И потому, когда, друзья, мой милый друг,
Я вас так тщательно порою избегаю,
Я лишь бегу от горьких мук,
Что встанут ото сна, раз я приближусь к раю,
И чаянья меня замкнут в свой лживый круг;
Им нет забвения, я знаю;
Так в сердце я пронзен стрелой,
Что вынете ее, и век окончен мой.
Когда я прихожу в свой дом, такой холодный,
Вы говорите мне, зачем я весь — другой.
Вы мне велите быть в бесплодной
Насильственной игре на сцене мировой, —
Ничтожной маскою прикрыв мой дух свободный,
Условной тешиться игрой.
И я — в разгуле карнавала,
И мира я ищу, вне вас его так мало.
Сегодня целый час, перебирая цвет
Различнейших цветков, я спрашивал ответа —
«Не любит — любит — нет».
Что́ возвещала мне подобная примета?
Спокойствие мечты, виденье прошлых лет,
Богатство, славу, ласку света,
Иль то… Но нет ни слов, ни сил:
Вам так понятно все, оракул верным был.
Журавль, ища гнезда, через моря стремится;
Нет птицы, чтоб она летела из гнезда,
Когда скитаньем утомится;
Средь океанских бездн безумствует вода,
Волна кипит, растет, и пеной разлетится,
И от волненья нет следа.
Есть место, есть успокоенье,
Где отдохну и я, где стихнут все томленья.

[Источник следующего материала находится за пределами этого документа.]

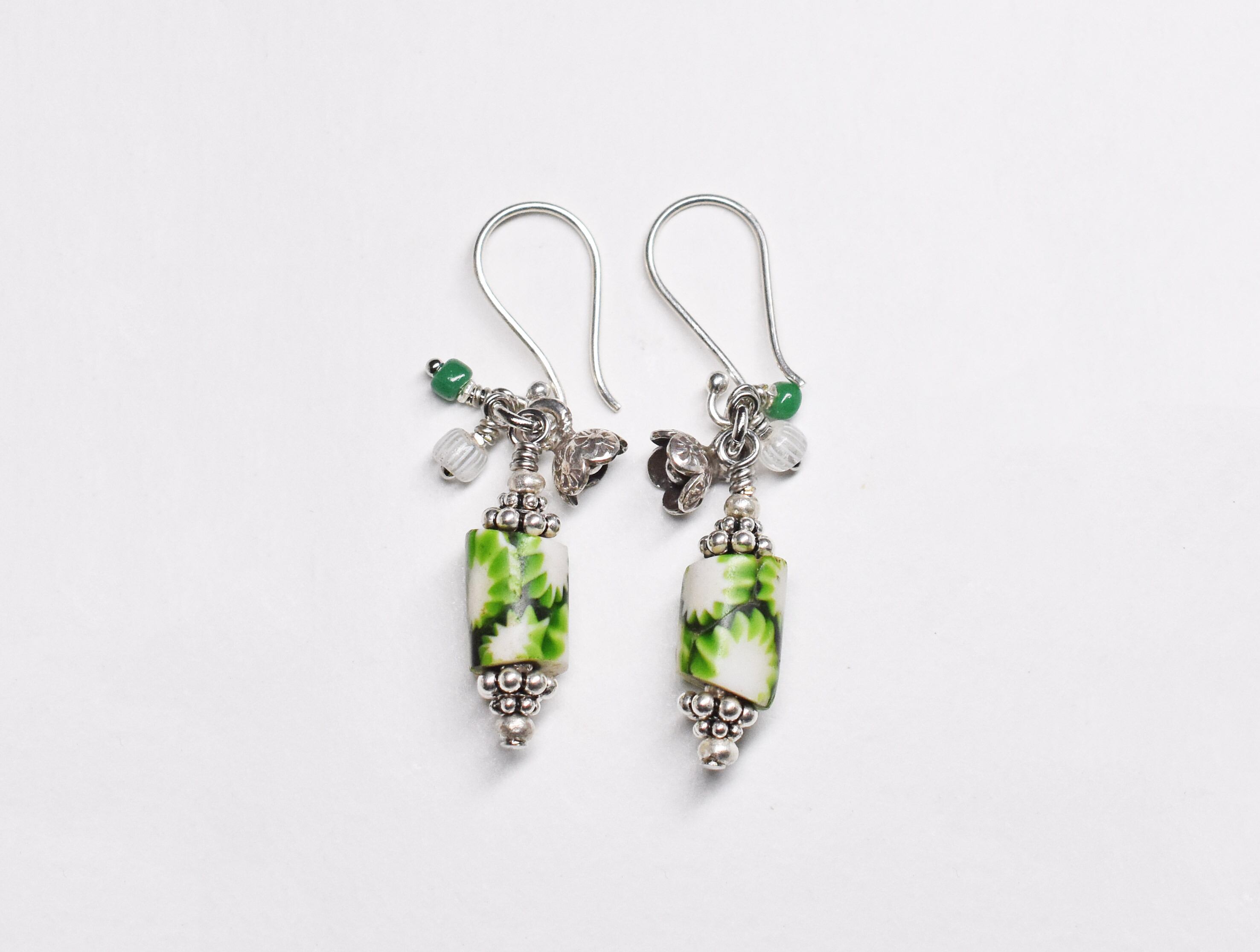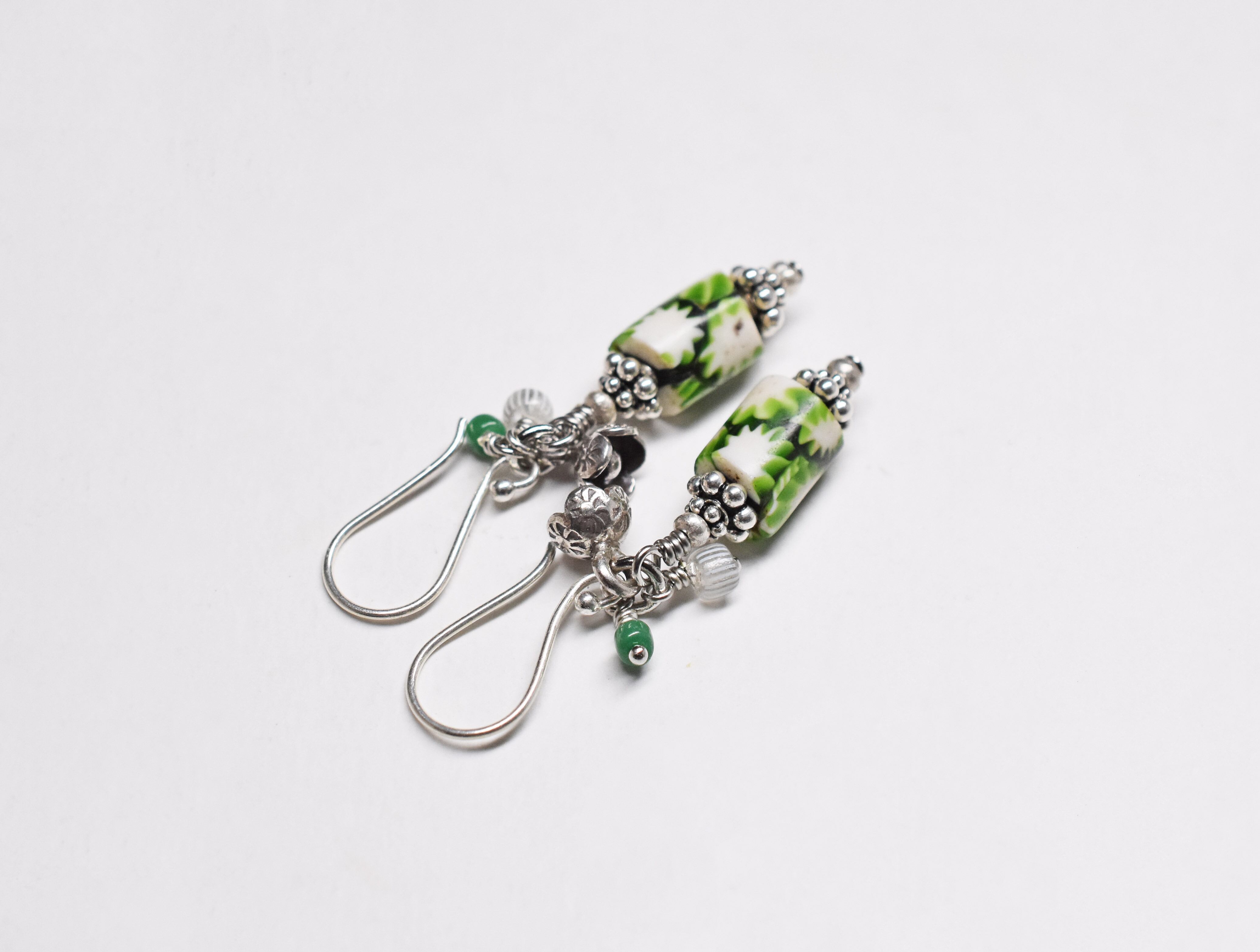 グリーン&ホワイトミルフィオリと小さなお花カレンシルバーのピアス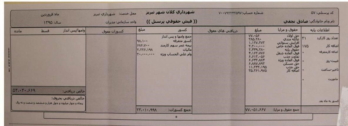 به گزارش خبرگزاری تسنیم از تبریز، در پی انتشار فیشهای حقوقی تنی چند از شهرداران و مسئولان کشور، صادق نجفی شهردار تبریز، فیشهای حقوقی سه ماه اخیر خود را منتشر کرد.

Я ей вчера сказал, как думает она,
Могу ль быть твердым я. О, кто быть твердым может,
Тому уверенность одна
Без этих лишних слов сама собой поможет,
Его рука свершит, что совершить должна,
Что он за нужное положит.
В строках я тешу скорбь мою,
Но вы так близки мне, я вам их отдаю.